• Task requirements:
Copy only what lies from the line containing "Bulls highlight DOGE" through the line containing "牛乳、ごはん、じゃがいもあんかけ、小松菜とじゃこの炒め煮" in the entries below, keeping both end lines exact and dropping every picture.

[Data in this exercise Boundary: Start]

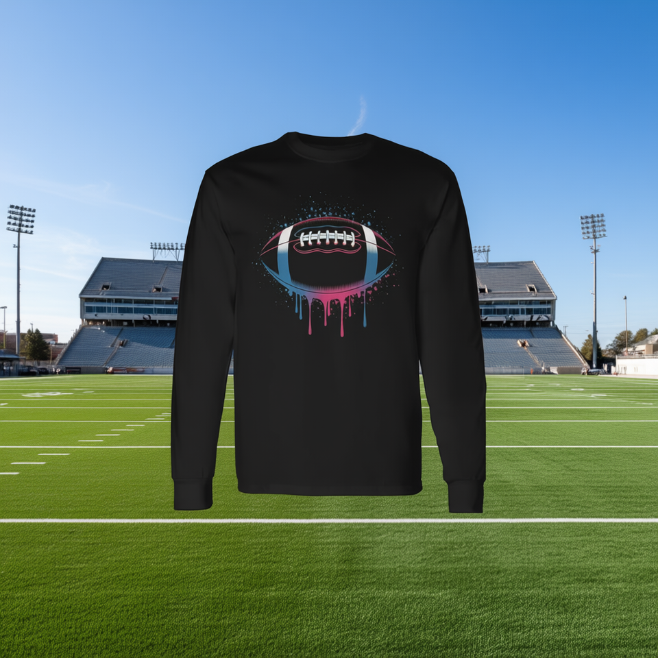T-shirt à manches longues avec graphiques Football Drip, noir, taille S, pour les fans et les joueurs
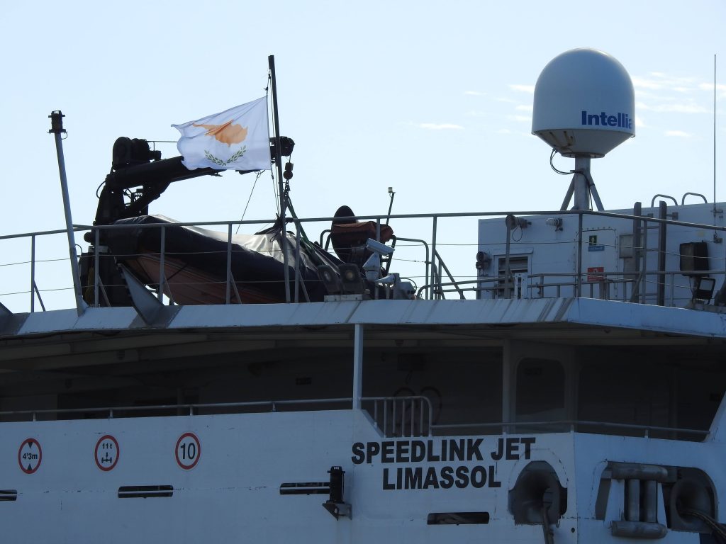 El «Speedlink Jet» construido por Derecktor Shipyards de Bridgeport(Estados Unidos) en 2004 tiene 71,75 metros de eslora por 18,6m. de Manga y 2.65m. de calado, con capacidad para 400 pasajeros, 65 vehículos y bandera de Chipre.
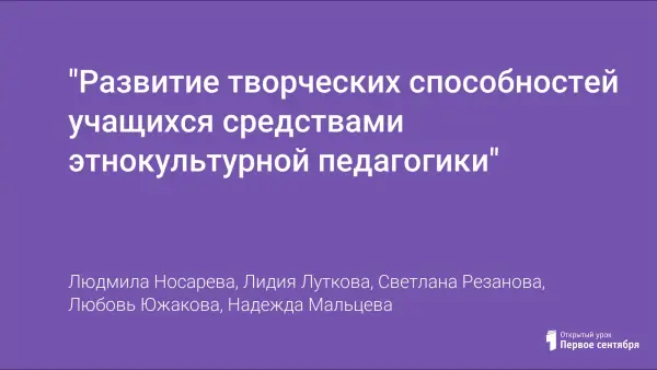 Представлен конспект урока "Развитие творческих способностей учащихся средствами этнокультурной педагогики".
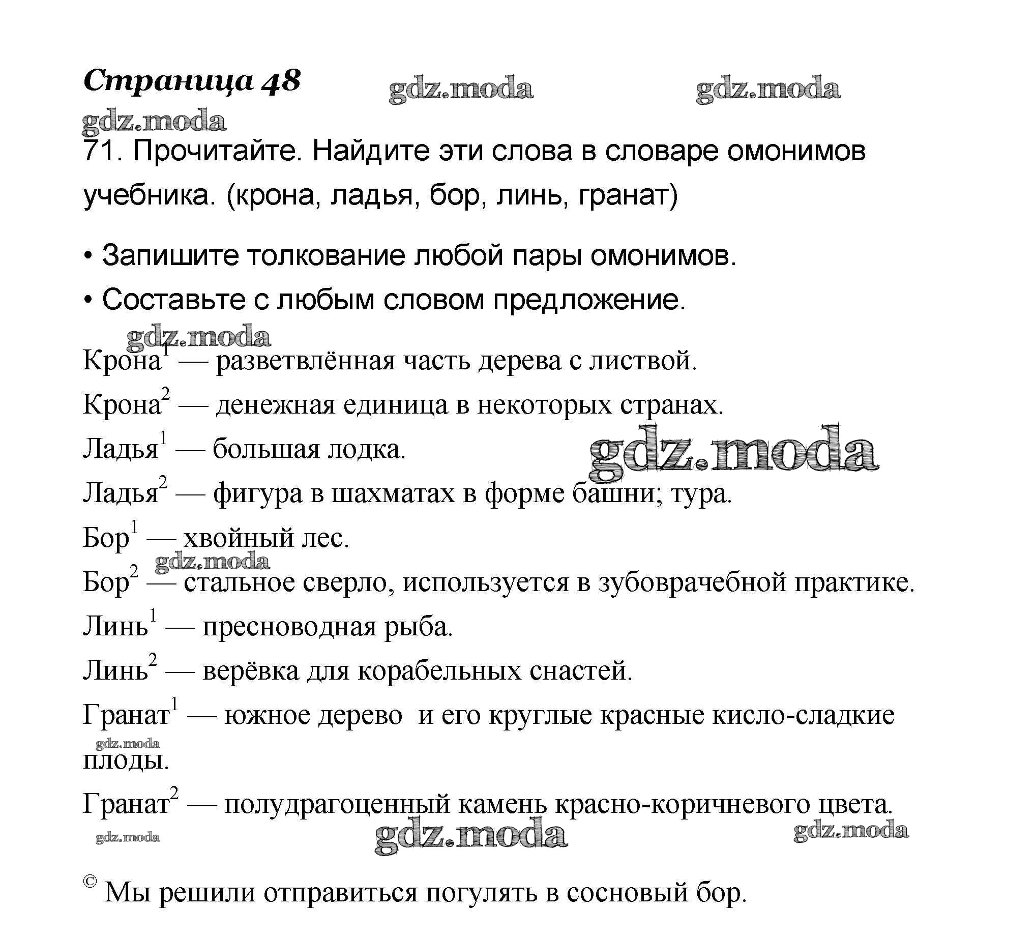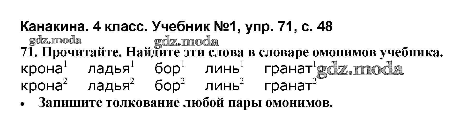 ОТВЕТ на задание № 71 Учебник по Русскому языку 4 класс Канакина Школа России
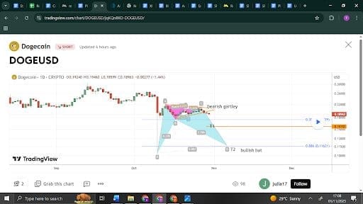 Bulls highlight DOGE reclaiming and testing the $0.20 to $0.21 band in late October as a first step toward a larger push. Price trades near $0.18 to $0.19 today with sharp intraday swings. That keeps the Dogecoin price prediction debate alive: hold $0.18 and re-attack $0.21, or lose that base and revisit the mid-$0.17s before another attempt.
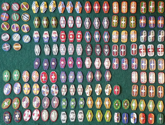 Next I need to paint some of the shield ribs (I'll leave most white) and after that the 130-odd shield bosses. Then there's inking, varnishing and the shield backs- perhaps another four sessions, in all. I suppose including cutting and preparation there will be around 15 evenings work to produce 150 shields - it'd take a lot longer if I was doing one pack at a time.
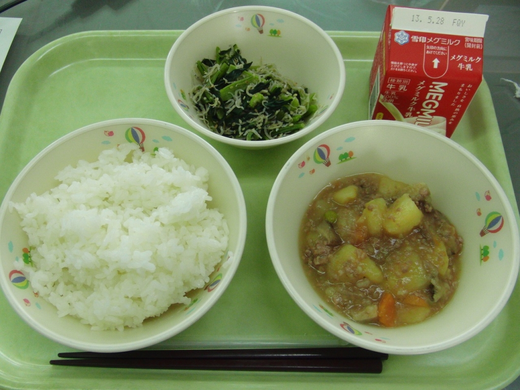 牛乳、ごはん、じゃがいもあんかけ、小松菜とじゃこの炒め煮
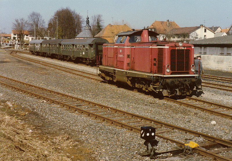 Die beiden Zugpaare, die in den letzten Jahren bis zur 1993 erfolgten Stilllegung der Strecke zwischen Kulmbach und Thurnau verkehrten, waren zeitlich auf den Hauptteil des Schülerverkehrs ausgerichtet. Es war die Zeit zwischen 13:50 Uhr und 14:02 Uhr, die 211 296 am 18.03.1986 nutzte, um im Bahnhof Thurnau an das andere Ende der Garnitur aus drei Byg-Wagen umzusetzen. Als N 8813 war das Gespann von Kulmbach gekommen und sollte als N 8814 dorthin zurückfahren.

[Data in this exercise Boundary: End]

• Problem solution:
 Bulls highlight DOGE reclaiming and testing the $0.20 to $0.21 band in late October as a first step toward a larger push. Price trades near $0.18 to $0.19 today with sharp intraday swings. That keeps the Dogecoin price prediction debate alive: hold $0.18 and re-attack $0.21, or lose that base and revisit the mid-$0.17s before another attempt.
 Next I need to paint some of the shield ribs (I'll leave most white) and after that the 130-odd shield bosses. Then there's inking, varnishing and the shield backs- perhaps another four sessions, in all. I suppose including cutting and preparation there will be around 15 evenings work to produce 150 shields - it'd take a lot longer if I was doing one pack at a time.
 牛乳、ごはん、じゃがいもあんかけ、小松菜とじゃこの炒め煮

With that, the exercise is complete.